Tuesday, August 28, 2007

Defects On Sale!

Today after our planning game I did a short poll on how the guys perceive test driven development and pair programming. We're trying to do both for some time now, and since I take the blame for introducing both practices, I feel I'm somewhat - um - preoccupied on that matter. A few days ago, I was caught totally off guard when Richard told me that, well, he doesn't believe programming in pairs is more productive. Bummer. And I had believed my show to be grand circus.

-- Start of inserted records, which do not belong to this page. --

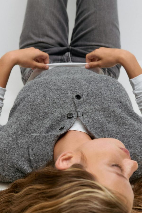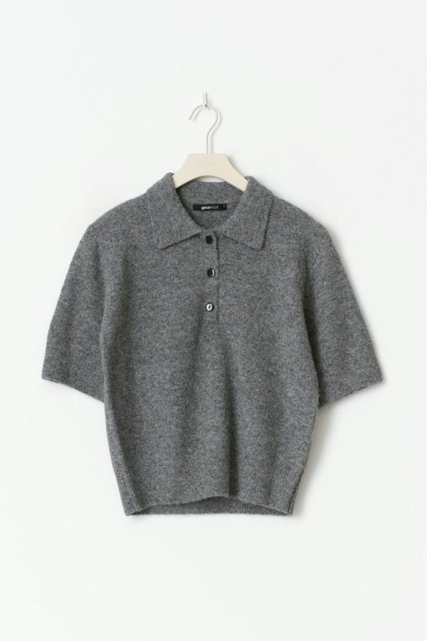 Stickad tröja med korta ärmar. Tröjan är grå och har en rund halsringning med krage. Den har knappar upptill och en ribbmudd vid ärmsluten och i nederkant.
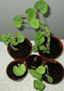 Visst ser pelargonierna livskraftiga ut, de har en härlig grön färg utom de två i den lilla krukan. Klarar de sig så är det bara kul.
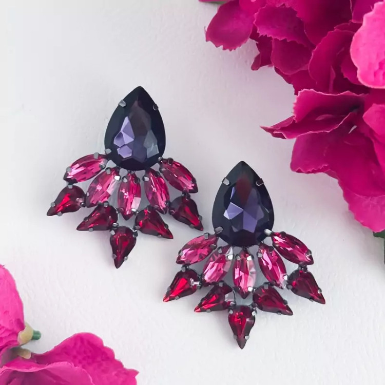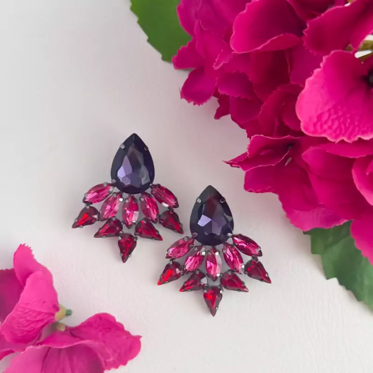 گوشواره جواهری اشکی گوشواره بنفش گوشواره سرخابی گوشواره مجلسی

Coming down to earth from my alien space shuttle of imaginative knowledge in the face of uncertainty I realized that I didn't really have a clue what my teammates thought about our recent process improvement tactics. I figured the easiest way to find out would be to ask them. So I did a short poll. There were six people. Including me. I asked four questions:

Question Yes! No!
Do you think TDD makes you more productive? 3 3
Do you think TDD leads to better quality? 6 0
Do you think pair programming makes you more productive? 3 3
Do you think pair programming leads to better quality? 6 0

Now this is an interesting bite from the apple of knowledge: while we all seem to agree that pair programming and TDD increase code quality, half of the guys thinks that this raise in quality comes with a cost in overall productivity. Unfortunately shooting them with my nerf gun didn't help to teach them reason, so I concluded that the half I am in may be wrong. Perhaps.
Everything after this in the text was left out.